*** Opening of Dataset extract ***
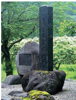
「亀の尾発祥の地」石碑(庄内町立谷沢)

造った吟醸酒は素晴らしかった」。ある老杜氏の一言をきっかけに昭和56年、新潟県の蔵元で亀の尾による酒造りが復活した。わずかな種もみを元にした米づくりから始まった酒造米としての亀の尾の復活は、漫画家尾瀬あきら氏のコミック「夏子の酒」のモデルになり、全国の蔵元や日本酒ファンにその存在感を再び知らしめることになる。
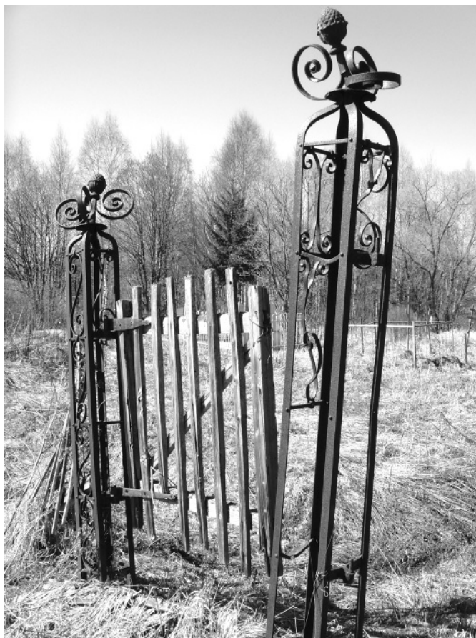
Кованые веретей Хоробровского кладбища нет-нет, да и вспомнят монастырские времена...

Великий князь Василий III не забыл своё обещание. 13 мая 1524 года была основана «Велия обитель Пречистой Богородицы Одигитрии» – Новый монастырь на Девицьем поле
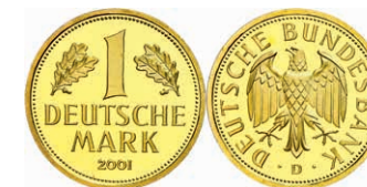
157 1 DM, 2001, D, Abschiedsmark, in Kapsel, st, J. 481. 500,—
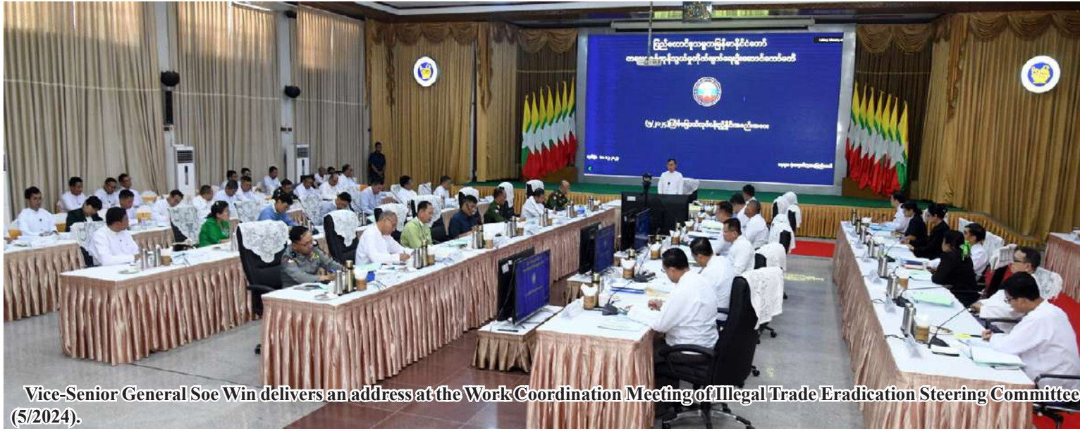
Vice-Senior General Soe Win delivers an address at the Work Coordination Meeting of Illegal Trade Eradication Steering Committee (5/2024).

Nay Pyi Taw December 10 Work Coordination Meeting of the Illegal Trade Eradication Steering Committee (5/2024) was held at the conference hall of the Ministry of Commerce in Nay Pyi Taw this afternoon and Chairman of the steering committee Vice Chairman of the State Administration Council Deputy Prime Minister Vice-Senior General Soe Win delivered an address at the meeting.
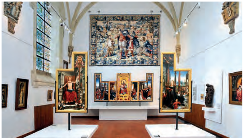
De polyptiek van Anchin, een van de topstukken van het Musée de la Chartreuse

Boven links: op het halfuur en het volle uur weerklinkt het klokkenspel van het belfort van Douai, de grootste beiaard van Europa. Kleine foto's links: niet alleen in de zomer loont een bezoek aan het Parc naturel régional de L'Avesnois de moeite.
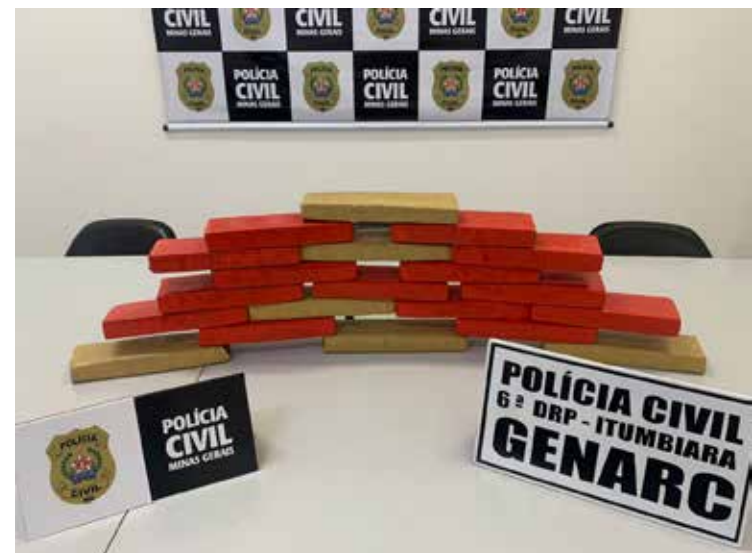
20 tabletes de maconha foram apreendidos com o menor

A ação ocorreu na cidade de Uberlândia/MG após investigações conduzidas pelo GENARC que apontaram que um adolescente, morador de Itumbiara, transportaria grande quantidade de drogas para a cidade. Diante das informações, a fim de evitar que a droga ingressasse em território itumbiarense e aqui fosse difundida, a equipe do GENARC se deslocou até a cidade mineira, e lá, com o
*** Close of Dataset extract ***
What is needed:
Transcribe the listing above verbatim. No picture belongs in the result.

Answer to this task:
「亀の尾発祥の地」石碑(庄内町立谷沢)

造った吟醸酒は素晴らしかった」。ある老杜氏の一言をきっかけに昭和56年、新潟県の蔵元で亀の尾による酒造りが復活した。わずかな種もみを元にした米づくりから始まった酒造米としての亀の尾の復活は、漫画家尾瀬あきら氏のコミック「夏子の酒」のモデルになり、全国の蔵元や日本酒ファンにその存在感を再び知らしめることになる。
Кованые веретей Хоробровского кладбища нет-нет, да и вспомнят монастырские времена...

Великий князь Василий III не забыл своё обещание. 13 мая 1524 года была основана «Велия обитель Пречистой Богородицы Одигитрии» – Новый монастырь на Девицьем поле
157 1 DM, 2001, D, Abschiedsmark, in Kapsel, st, J. 481. 500,—
Vice-Senior General Soe Win delivers an address at the Work Coordination Meeting of Illegal Trade Eradication Steering Committee (5/2024).

Nay Pyi Taw December 10 Work Coordination Meeting of the Illegal Trade Eradication Steering Committee (5/2024) was held at the conference hall of the Ministry of Commerce in Nay Pyi Taw this afternoon and Chairman of the steering committee Vice Chairman of the State Administration Council Deputy Prime Minister Vice-Senior General Soe Win delivered an address at the meeting.
De polyptiek van Anchin, een van de topstukken van het Musée de la Chartreuse

Boven links: op het halfuur en het volle uur weerklinkt het klokkenspel van het belfort van Douai, de grootste beiaard van Europa. Kleine foto's links: niet alleen in de zomer loont een bezoek aan het Parc naturel régional de L'Avesnois de moeite.
20 tabletes de maconha foram apreendidos com o menor

A ação ocorreu na cidade de Uberlândia/MG após investigações conduzidas pelo GENARC que apontaram que um adolescente, morador de Itumbiara, transportaria grande quantidade de drogas para a cidade. Diante das informações, a fim de evitar que a droga ingressasse em território itumbiarense e aqui fosse difundida, a equipe do GENARC se deslocou até a cidade mineira, e lá, com o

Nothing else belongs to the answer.